The demo creates and trains a neural network model using just six items (the full source dataset has 150 items). The trained model is used to predict the species of a new, previously unseen iris flower with predictor values (5.8, 2.8, 4.5, 1.3). The output of the model is (0.0457 0.6775 0.2769). These values loosely represent the probability of each species. Because the output value at index [1] is the largest, the predicted species is 1 = versicolor.

In order to get the demo program to run on your machine, you must install PyTorch. PyTorch is not a standalone program; it's a Python language library. Therefore, you must install Python before installing PyTorch.

Figure 1: A Minimal Neural Network Using PyTorch
[Click on image for larger view.] Figure 1: A Minimal Neural Network Using PyTorch

This article assumes you have intermediate or better programming skill with a C-family language but doesn't assume you know anything about Python, PyTorch, or neural networks. The complete demo code is presented in this article. The source code is also available in the download that accompanies this article. All normal error checking has been removed to keep the main ideas as clear as possible.
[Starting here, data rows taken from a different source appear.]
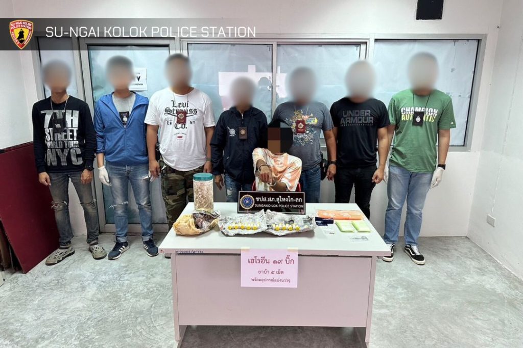จากการตรวจค้น พบ- เฮโรอีน จำนวน 19 หลอดบิ๊ก (น้ำหนักรวมประมาณ 90 กรัม) – ยาบ้า จำนวน 5 เม็ด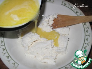 Творог растереть с растопленным сливочным маслом.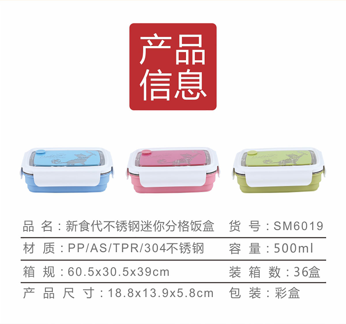 新食代不銹鋼迷你分格飯盒(500ML)

Installing Python and PyTorch
Installing PyTorch involves two steps. First you install Python and several required auxiliary packages such as NumPy and SciPy, then you install PyTorch as an add-on package. Although it's possible to install Python and the packages required to run PyTorch separately, it's much better to install a Python distribution. I strongly recommend using the Anaconda distribution of Python which has all the packages you need to run PyTorch, plus many other useful packages. In this article I address installation on a Windows 10 machine. Installation on Mac and Linux systems is similar.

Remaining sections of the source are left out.